Output the whole listing exactly, with no pictures.

Data excerpts Start Marker

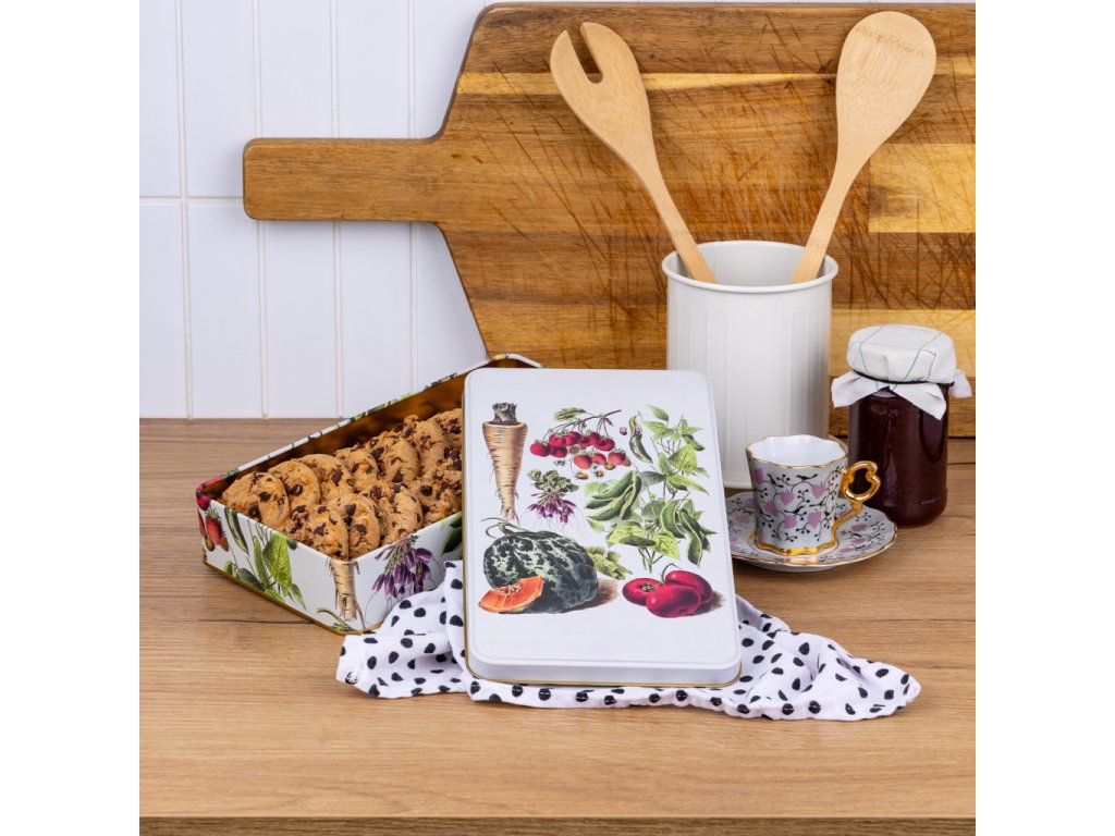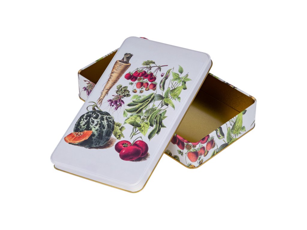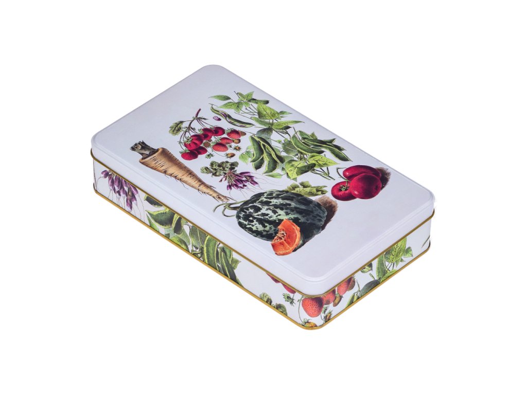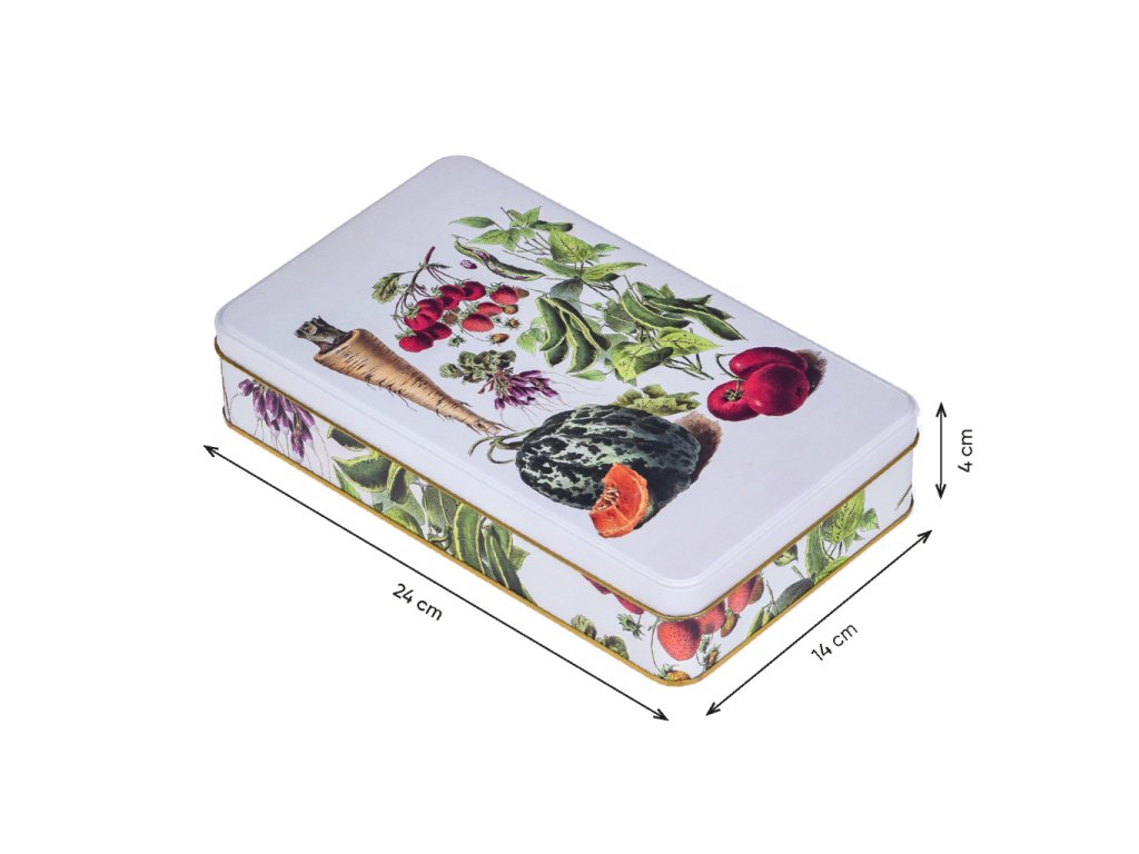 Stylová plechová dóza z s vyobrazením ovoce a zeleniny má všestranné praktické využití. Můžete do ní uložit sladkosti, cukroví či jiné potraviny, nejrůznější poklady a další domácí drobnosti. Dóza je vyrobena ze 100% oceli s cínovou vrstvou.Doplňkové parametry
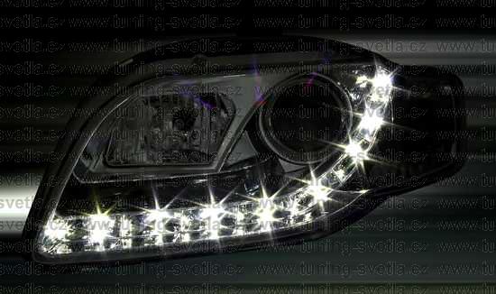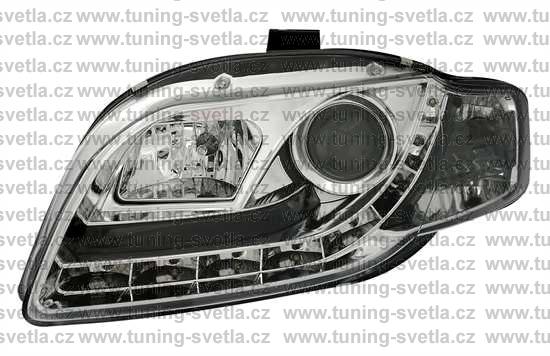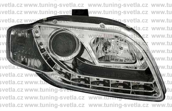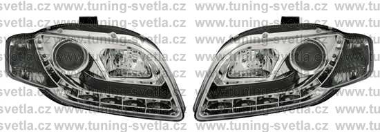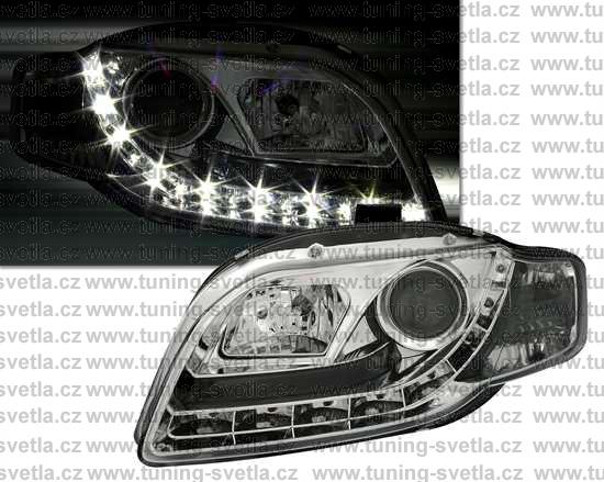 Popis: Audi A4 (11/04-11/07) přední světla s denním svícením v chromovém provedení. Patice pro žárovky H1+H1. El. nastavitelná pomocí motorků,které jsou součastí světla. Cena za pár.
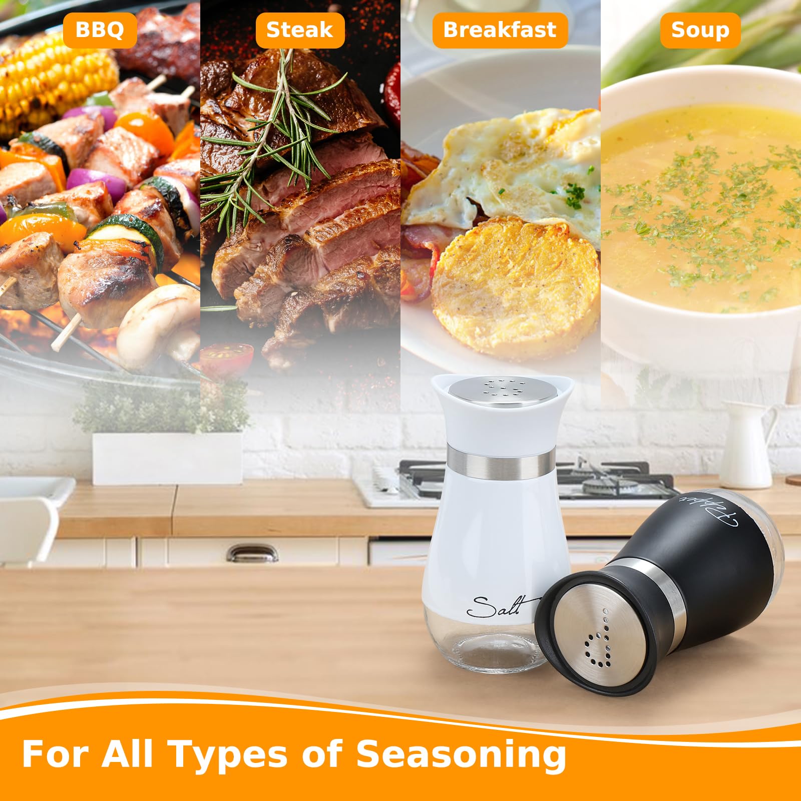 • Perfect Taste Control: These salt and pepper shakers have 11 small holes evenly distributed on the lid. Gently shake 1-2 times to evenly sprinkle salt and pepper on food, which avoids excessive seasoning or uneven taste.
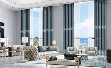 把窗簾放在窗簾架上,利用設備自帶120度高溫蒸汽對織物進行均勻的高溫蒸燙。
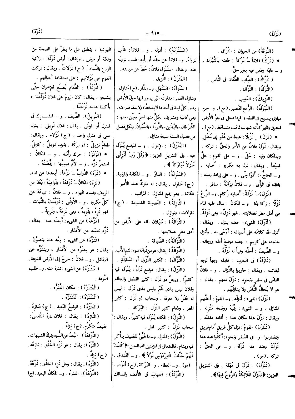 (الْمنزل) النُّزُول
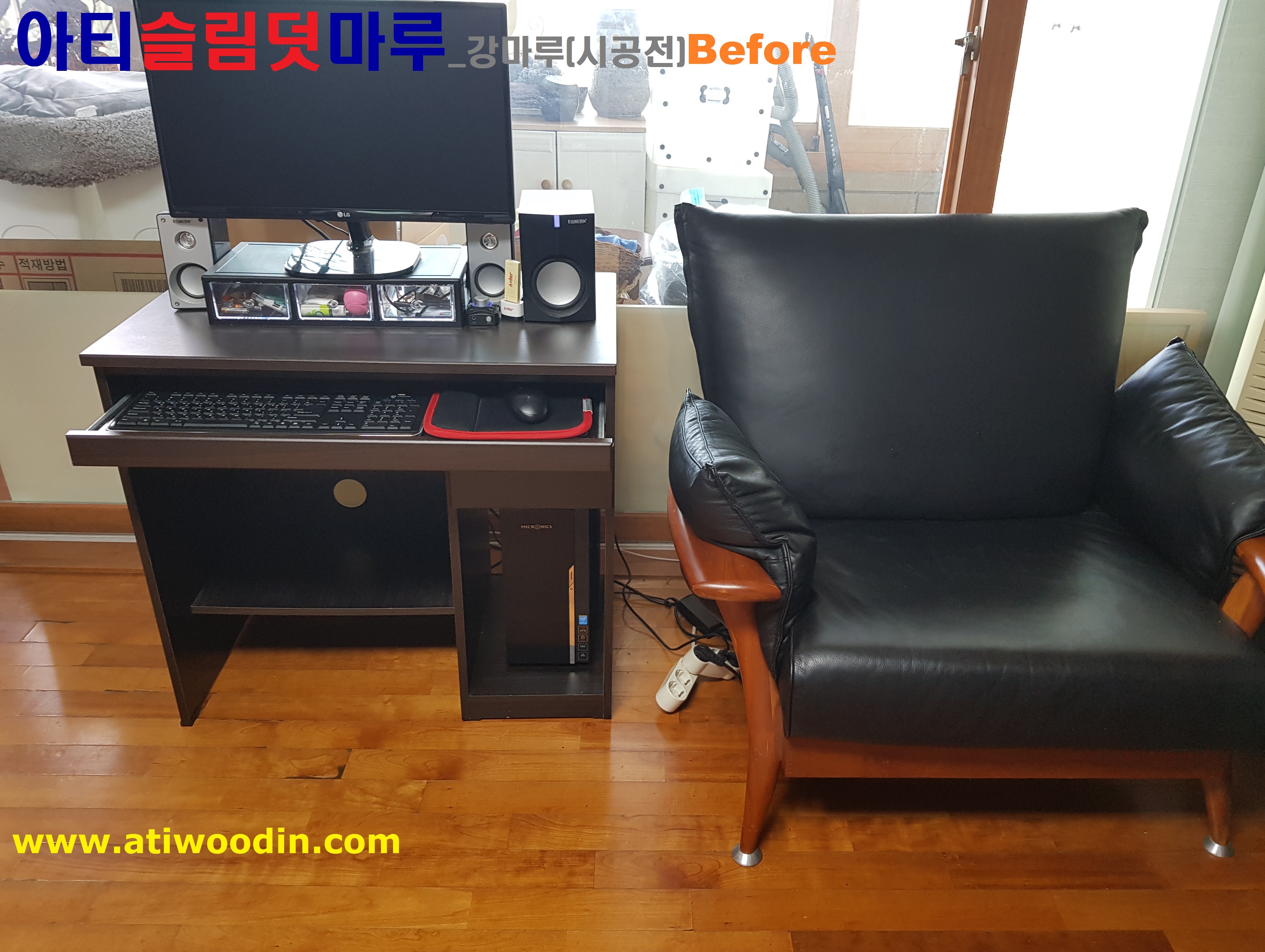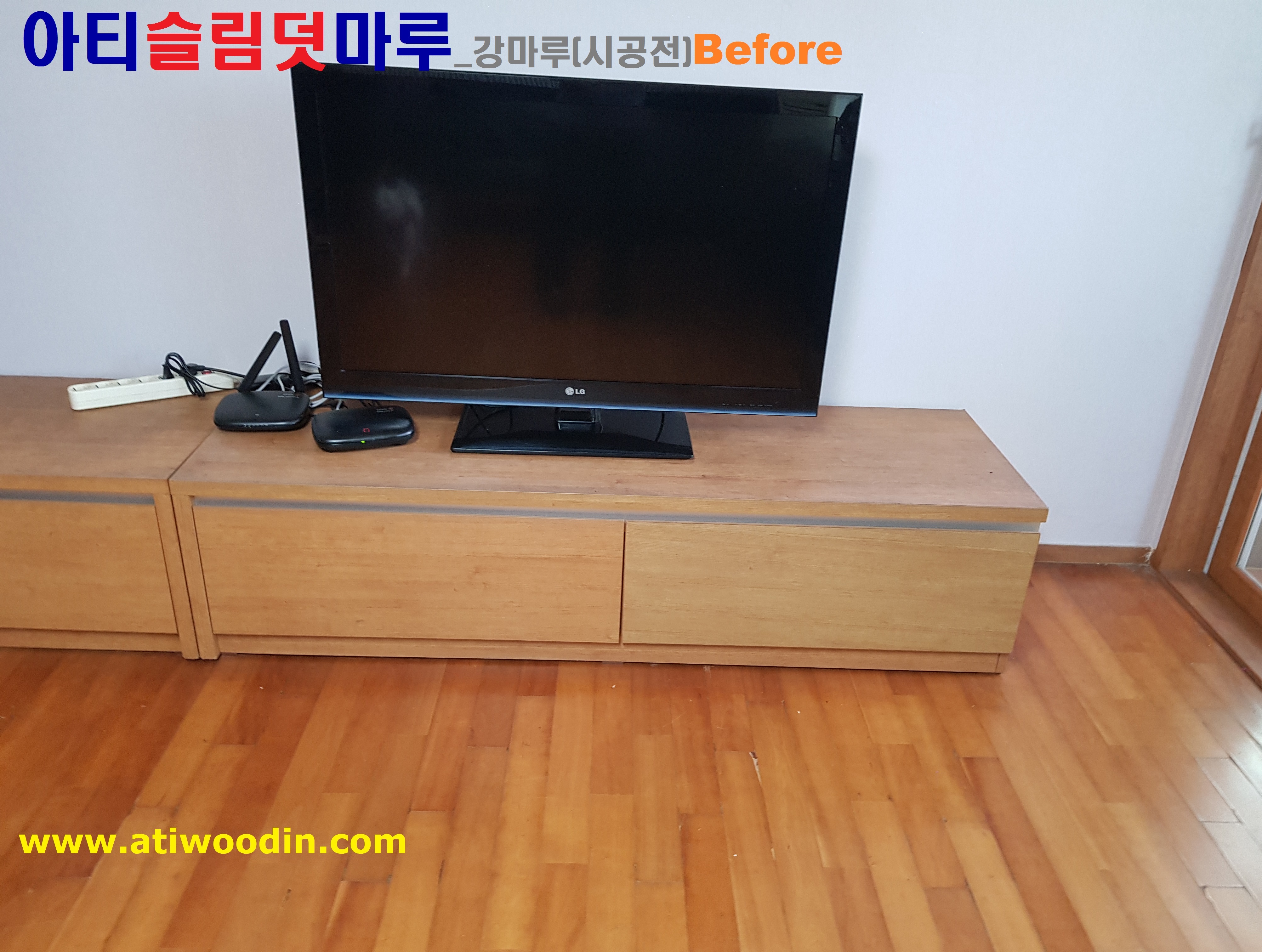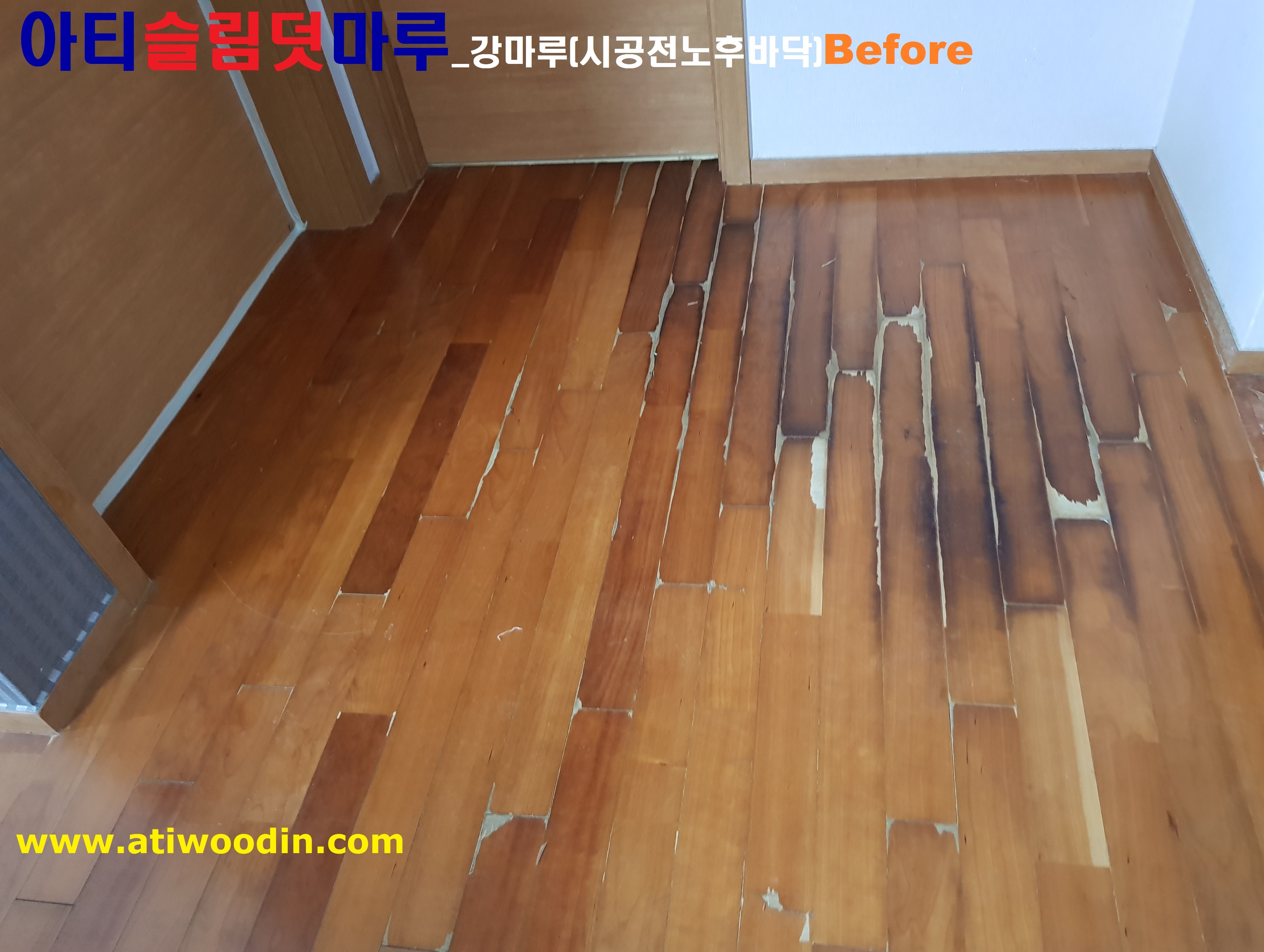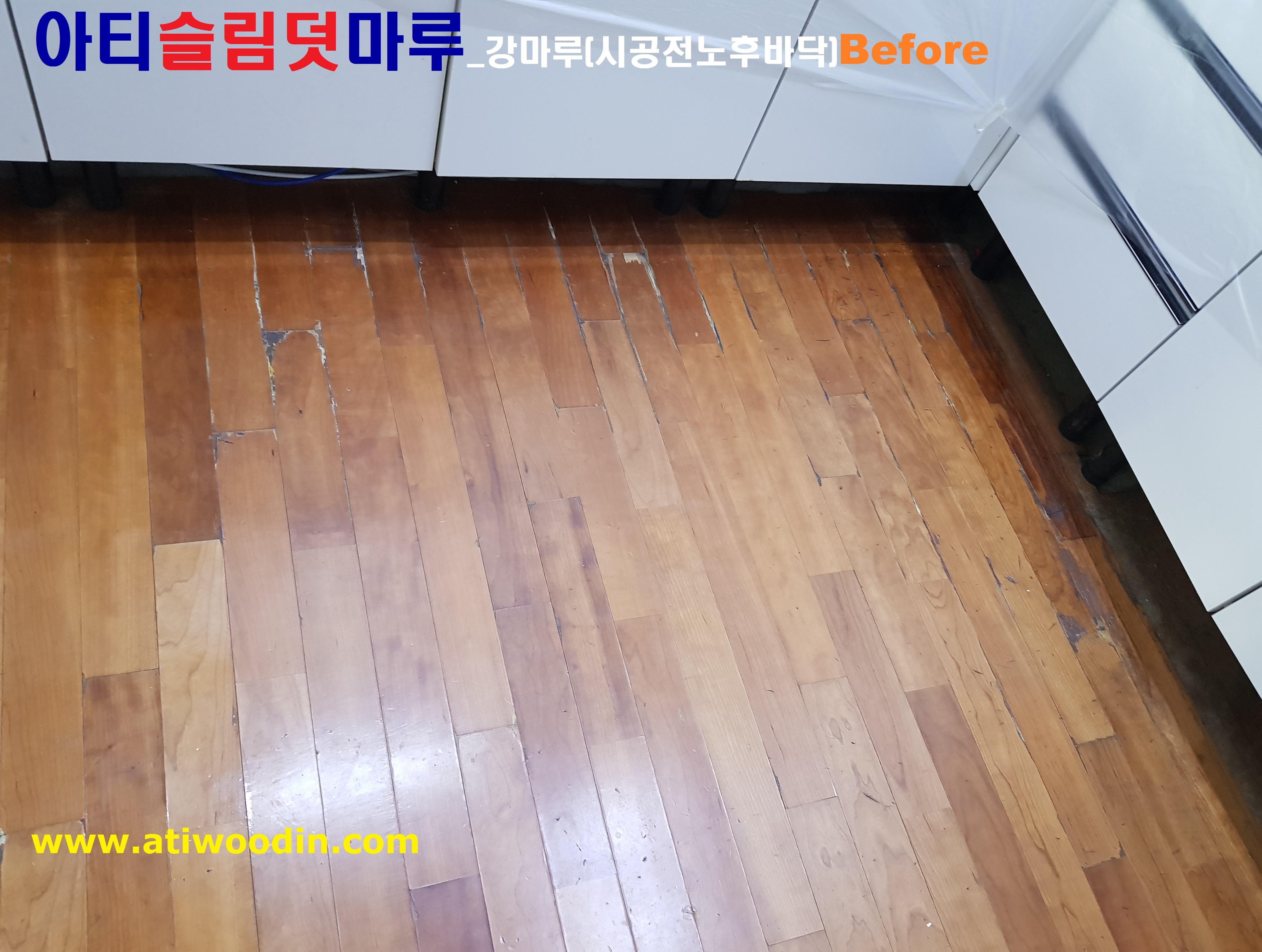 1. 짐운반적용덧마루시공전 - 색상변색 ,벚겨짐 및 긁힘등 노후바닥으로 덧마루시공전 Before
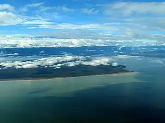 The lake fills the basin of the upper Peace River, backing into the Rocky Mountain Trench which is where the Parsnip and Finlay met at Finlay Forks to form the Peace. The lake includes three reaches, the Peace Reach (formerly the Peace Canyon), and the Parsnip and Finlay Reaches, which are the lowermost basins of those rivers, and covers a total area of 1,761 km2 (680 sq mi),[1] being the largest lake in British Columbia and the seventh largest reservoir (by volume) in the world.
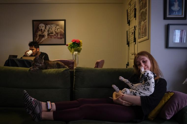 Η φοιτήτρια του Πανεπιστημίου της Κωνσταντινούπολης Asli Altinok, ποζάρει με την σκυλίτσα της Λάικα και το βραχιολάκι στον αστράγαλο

Data excerpts End Marker

**Solution to this task**
 Stylová plechová dóza z s vyobrazením ovoce a zeleniny má všestranné praktické využití. Můžete do ní uložit sladkosti, cukroví či jiné potraviny, nejrůznější poklady a další domácí drobnosti. Dóza je vyrobena ze 100% oceli s cínovou vrstvou.Doplňkové parametry
 Popis: Audi A4 (11/04-11/07) přední světla s denním svícením v chromovém provedení. Patice pro žárovky H1+H1. El. nastavitelná pomocí motorků,které jsou součastí světla. Cena za pár.
 • Perfect Taste Control: These salt and pepper shakers have 11 small holes evenly distributed on the lid. Gently shake 1-2 times to evenly sprinkle salt and pepper on food, which avoids excessive seasoning or uneven taste.
 把窗簾放在窗簾架上,利用設備自帶120度高溫蒸汽對織物進行均勻的高溫蒸燙。
 (الْمنزل) النُّزُول
 1. 짐운반적용덧마루시공전 - 색상변색 ,벚겨짐 및 긁힘등 노후바닥으로 덧마루시공전 Before
 The lake fills the basin of the upper Peace River, backing into the Rocky Mountain Trench which is where the Parsnip and Finlay met at Finlay Forks to form the Peace. The lake includes three reaches, the Peace Reach (formerly the Peace Canyon), and the Parsnip and Finlay Reaches, which are the lowermost basins of those rivers, and covers a total area of 1,761 km2 (680 sq mi),[1] being the largest lake in British Columbia and the seventh largest reservoir (by volume) in the world.
 Η φοιτήτρια του Πανεπιστημίου της Κωνσταντινούπολης Asli Altinok, ποζάρει με την σκυλίτσα της Λάικα και το βραχιολάκι στον αστράγαλο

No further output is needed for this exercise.